The police have thus far arrested 11 people, while indicating that
others, potentially many others, may yet be implicated in what they
have termed an “extensive” Hindu-extremist terror network.
The arrested include a lieutenant colonel attached to the Indian Army’s
Military Intelligence Corps and a retired army major. Two of the
suspects, a Hindu sadhu (holy man) and a sadhvi (holy woman), have
long-standing and extensive contacts with prominent politicians and
businessmen. All of the alleged principals in the bombing plot have
ties to one or more of India’s major “Hindu-nationalist” organisations:
the Bharatiya Janata Party (BJP), the official opposition in India’s
parliament, the Vishwa Hindu Parishad (VHP, World Hindu Council), and
the Rashtriya Swayamsewak Sangh or RSS.
The police have said that they are investigating whether those
arrested, or their as-yet-unidentified associates, are responsible for
other terrorist atrocities, including the 2007 Samjhuata train bombing,
which killed 68 people, most of them Pakistanis, travelling to Pakistan
from India.
The Malegaon bombing killed 5 Muslims and injured more than 80 others,
while the Madosa bombing resulted in one death.
Although the September 29 bombings clearly targeted Muslims—they were
set off near mosques—the police and press immediately blamed them on
Islamicist terrorists, and a number of Muslims were subsequently caught
up in a police dragnet.
But less than two weeks later, the Maharashtra state Anti-Terrorism
Squad (ATS) said it had uncovered evidence that the bombing attacks
were carried out by Hindu extremists and made the first in a series of
arrests. Initially, the ATS named the sadhvi Pragya Singh Thakur, who
was long active in the BJP’s student movement, as the mastermind of the
plot.
Later, the ATS arrested Lieutenant Colonel Srikant Purohit. He is now
said to have led the terrorist cell that carried out the Malegaon
bombing. He is alleged to have given military training to the other
suspects and, even more importantly, to have provided them with the
military-grade explosive RDX.
Purohit and retired army Major Samir Kulkarniand, who also helped train
the alleged bombers, are reputed to be the co-founders of Abhinav
Bharat (AB, Young India Society)—a fanatical Hindu-supremacist
organisation established in 2006 ostensibly to defend Hindus and fight
against their “oppression.”
RDX was used in the Malegaon bombings and several other recent
terrorist atrocities in India. Since RDX is very difficult to obtain,
its use has been cited by Indian authorities, until now, as proof that
those perpetrating the bombings must be from Islamicist organisations
with ties to Pakistani or Bangladeshi military-intelligence agencies.
Purohit’s arrest has shaken India’s military high command.

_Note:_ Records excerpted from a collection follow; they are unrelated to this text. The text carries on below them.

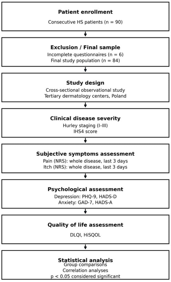 This was a cross-sectional observational study conducted among patients with HS. The diagnosis of HS was based on clinical examination by experienced dermatologists, in accordance with established diagnostic criteria [1]. Consecutive patients were recruited during routine dermatological consultations at tertiary referral centers in two cities in Poland: Wroclaw and Cracow. Demographic data collected included age, sex and disease duration. Clinical variables were asssessed by dermatologists and included disease severity. Subjective symptoms, such as pain and itch intensity, were scored by patients. Patients were also asked to fill out questionnaires related to psychological status (depression and anxiety) as well as QoL. All questionnaires were completed independently by the participants during the study visit, with assisstance available if clarification was needed. The study was carried out between June and November 2025. The study design is presented in Figure 1.
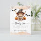Um pouco de bu está quase a chegar! Este adorável cartões de agradecimentos de orçamento apresenta a vaca Halloween com lanternas de jack o', morcegos voadores e salpicos de cor laranja.
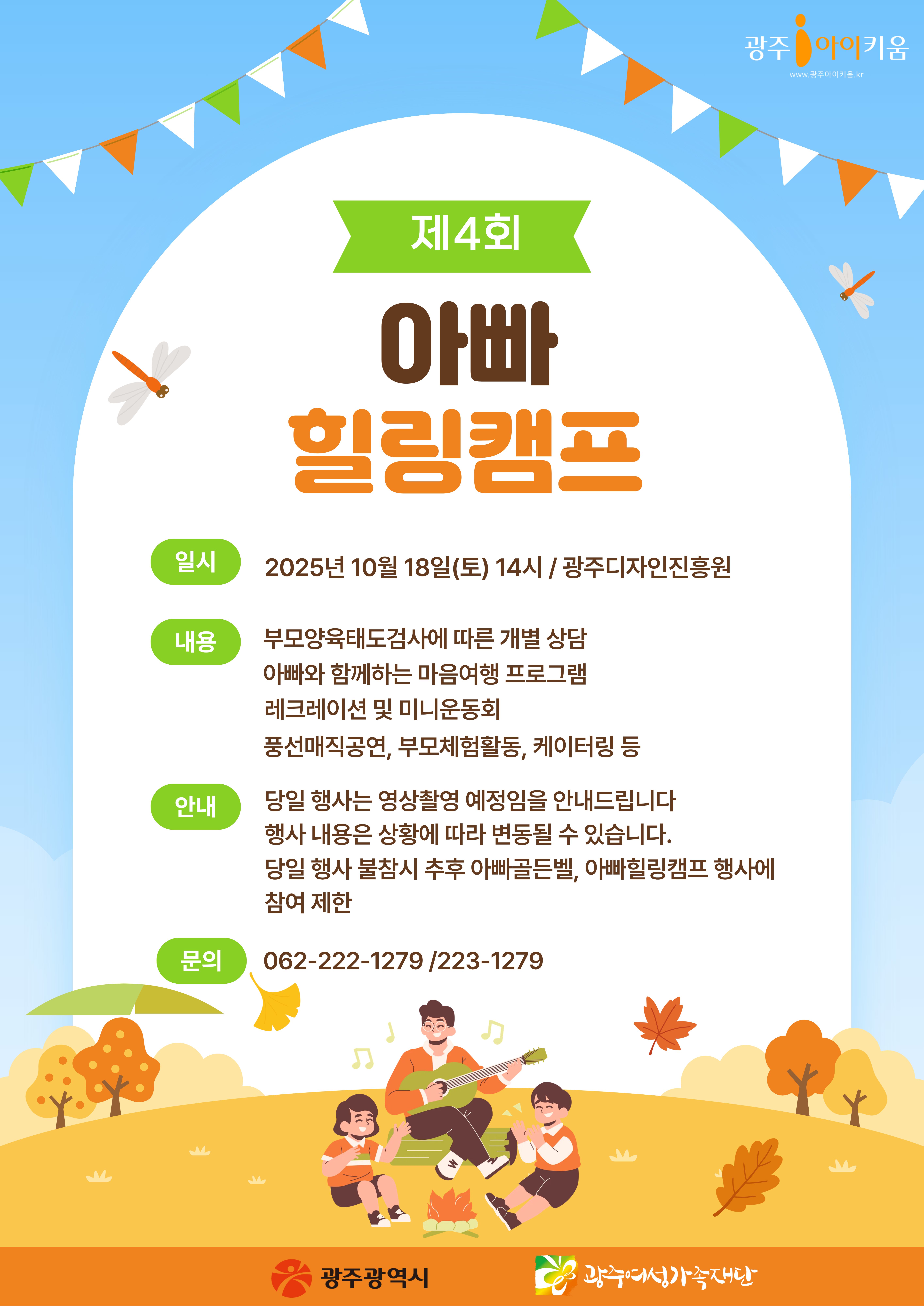 home 맘편한 내★일, 광주아이키움2.0 결혼·임신·출생 영유아 초·중·고 다양한 가족 일생활균형 커뮤니티 아동돌봄지원 소통방 나눔방 광주 아이키움 상담방 돌봄정보방 성폭력 피해 상담 및 사건지원 공지사항 우리동네 돌봄정보 기관별 공지사항 10월 18일, 제4회 아빠힐링캠프가 시작됩니다. 등록일 : 2025-10-14 14:02 카테고리 : 카테고리 없음 작성자 : 운영자 조회수 : 197 목록
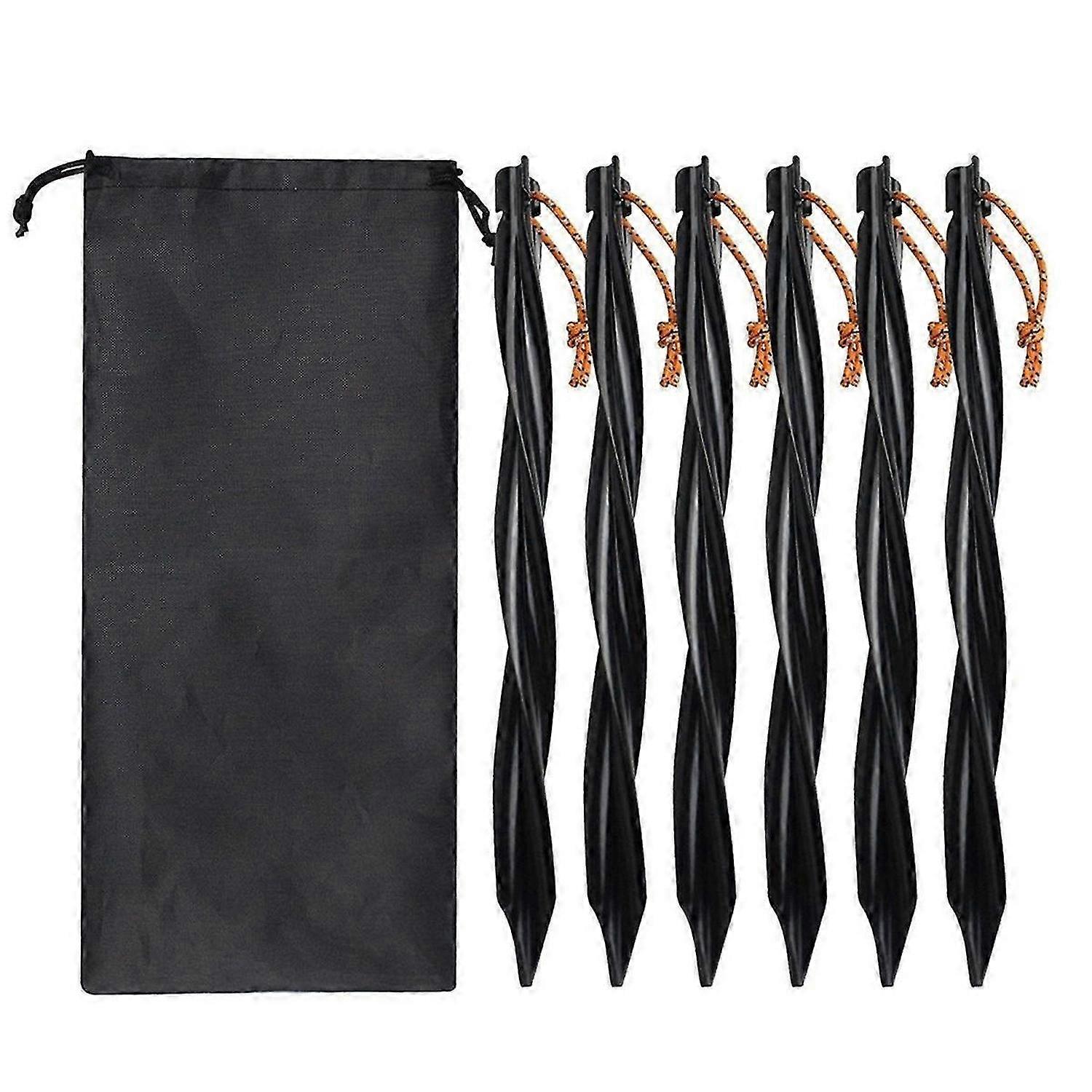 6X 25cm Outdoor Tent Pegs Ground Nails with Storage Bag Windproof Nails Camping Accessories Tent Fastening Black

It has
rushed to dismiss him as a single rogue officer. But there have been
repeated media reports suggesting several other current army officers
have been implicated in the terrorist plot.
Monday’s Indian Express reported that Purohit has implicated a serving
Indian Army colonel, and a television broadcast, later that same day,
claimed five army officers are being investigated for their links with
the Abhinav Bharat.
The November 12 arrest of a self-styled Hindu sadhu named Dayanand
Pandey has also caused considerable disquiet in the Indian
establishment.
In pleading yesterday for a Mumbai court to authorise the continued
detention and interrogation of Pandey, a government lawyer said that
police have recovered evidence from Pandey’s laptop showing he had
several meetings with Sadhvi Thakur and Lt. Col. Purohit shortly before
the September 29 bombings. Special Prosecutor Rohini Salian claimed
that in a video clip on Pandey’s computer, he, “Sadhvi, Purohit and
other persons, whose name cannot be disclosed, are seen talking about
RDX, chemicals, hand grenades and training."
The head of a shrine in Kashmir, Pandey was, according to news reports,
frequently visited by high-profile politicians and businessmen.
The exposure of a Hindu-supremacist terrorist network has thrown the
BJP and its allies in the Sangh Parivar, a “family” of organisations
historically led by the RSS, into crisis.
Initially, the BJP tried to distance itself from the sadhvi Thakur, but
very quickly this gave way to a campaign aimed at discrediting and
derailing the police investigation.
The BJP has long hailed the ATS, denouncing as traitors anyone who
questioned, let alone criticised, its actions, including its frequent
use of mass arrests. India’s official opposition has also repeatedly
attacked India’s Congress Party-led United Progressive Alliance (UPA)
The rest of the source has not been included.